J. Chatelain, B. Guillier, P. Guéguen, J. Fréchet and J. Sarrault, "Ambient Vibration Recording for Single-Station, Array and Building Studies Made Simple: CityShark II," International Journal of Geosciences, Vol. 3 No. 6A, 2012, pp. 1168-1175. doi: 10.4236/ijg.2012.326118.

1. Introduction

CityShark II (Figure 1) is an enhanced version of the CityShark station [1], aimed at single-station, array and building studies using ambient vibration, or any low voltage signal, recordings. It has been developed at ISTerre by IRD, the French Institute for Research for Development, and LEAS, a French company dedicated to geophysical data acquisition.

Although CityShark has been very well rated for use in ambient vibration experiments, and ranked second among 12 tested stations in the SESAME equipment evaluation [2-4], the need for such enhancement appeared because CityShark was originally designed to record data from only one sensor, without any time base, aimed at ambient vibration H/V and simple building studies. While it rapidly appeared that CityShark proved to be well suited and reliable for H/V ambient vibration studies [4], the fact that no time reference was used in the data acquisition, as it is not necessary in H/V experiments or simple fundamental building frequency determination, turned out to be a burden when considering ambient vibration array experiments and/or determining buildings parameters such as modal deformation, for example. In other words, while possible with a bit of imagination, CityShark was complicated to use in getting synchronous ambient vibration recordings from several places/sites, and a multi-channels option appeared to be essential for array and building applications.

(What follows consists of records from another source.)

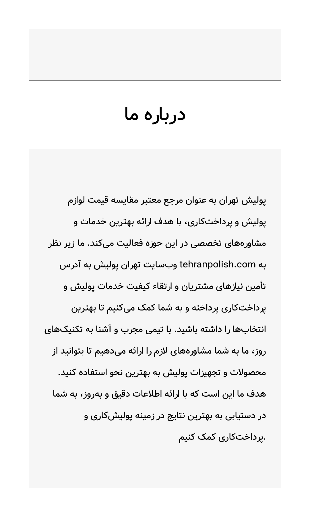 بزرگترین فروشنده انواع لوازم پولیش و پرداخت کاری در کشور که شما عزیزان میتوانید از طریق وبسایت ما بسیاری از قیمت های همکاران و ویدیوها و مقالات مرتبط با مشاهده کنید. تهران پولیش با بهرهمندی از نیم قرن سابقه درخشان در صنعت پرداختکاری، به عنوان یکی از اولین و معتبرترین تولیدکنندگان دستگاههای پرداختکاری، واکسهای پرداختکاری، گیلانسهای پرداختکاری و مواد اولیه پولیش شناخته میشود. این برند با تکیه بر دانش فنی و تجربه بالا، اقدام به تولید انواع گیلانسهای نخی، لی، کتان و پشمی، سنباده و دیگر ملزومات پرداختکاری کرده است. تیم متخصص تهران پولیش همواره در تلاش است تا با استفاده از تکنولوژیهای روز و بهترین مواد اولیه، محصولاتی با کیفیت بالا و کارایی عالی را به مشتریان خود ارائه دهد. ما به کیفیت و دقت در هر مرحله از تولید اهمیت میدهیم و به همین دلیل، محصولات ما در صنایع مختلف از جمله خودروسازی، صنایع چوب، فلز و ... به کار میروند. علاوه بر تولید، تهران پولیش به ارائه مشاوره تخصصی و خدمات پس از فروش نیز میپردازد. ما در اینجا هستیم تا به شما کمک کنیم تا بهترین راهکارها و محصولات را برای نیازهای خود پیدا کنید. با توجه به تنوع محصولات و خدمات ما، میتوانید با اطمینان خاطر انتخاب کنید و از کیفیت برتر محصولات ما بهرهمند شوید. ما مفتخریم که به عنوان یک برند پیشرو در صنعت پرداختکاری، همواره در مسیر نوآوری و بهبود کیفیت حرکت کنیم. تهران پولیش، انتخاب اول شما برای تمامی نیازهای پولیش و پرداختکاری است.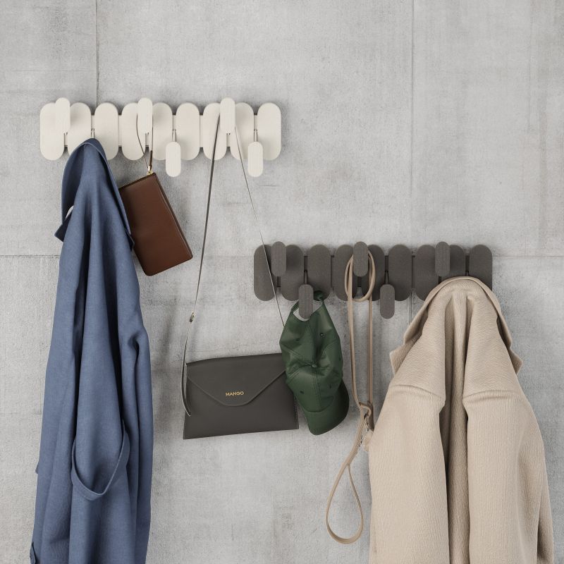С елегантен стенен дизайн, Tempo предлага шест куки, подредени на различни нива, за да оптимизират пространството и да създадат впечатляващ графичен ефект върху стената.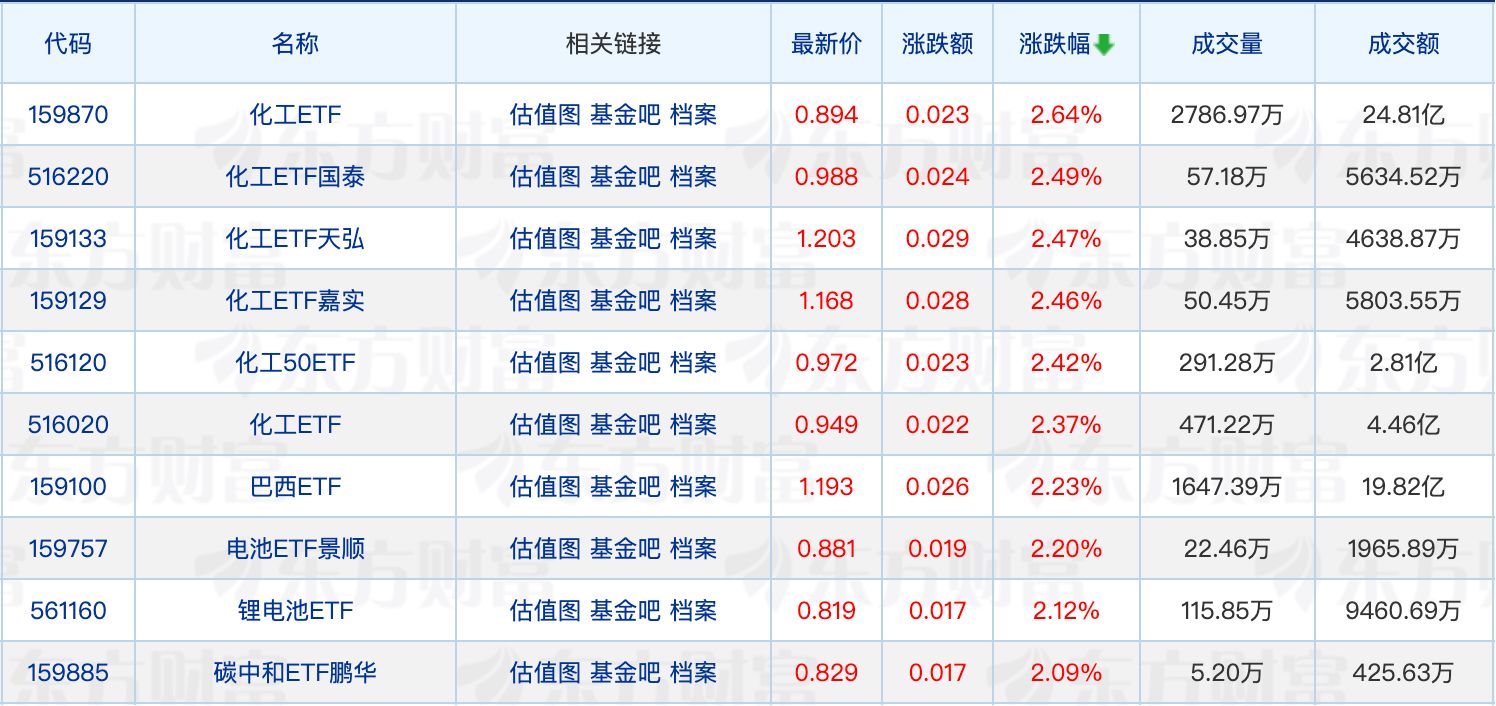 具体来看,化工板块集体走强,沧州大化、金牛化工、百川股份、百合花涨停,化工ETF集体走强,最大涨幅为2.64%。

Figure 1. View of a CityShark II-6 station.

It has therefore been decided to develop an instrument, keeping the simple operating philosophy of CityShark, with new capabilities aimed at getting synchronous recordings.

2. CityShark II New Features

CityShark II follows the same operating philosophy as CityShark, i.e. 1) all field operations are performed without any computer connected to the station; 2) push-buttons to set up the recording parameters, as well as to manage the recording procedure; and 3) the station communicates with the operator through a 20-character 4-line LCD built-in screen [1]. As for CityShark, the operating instruction manual simply fits in a single double-sided sheet.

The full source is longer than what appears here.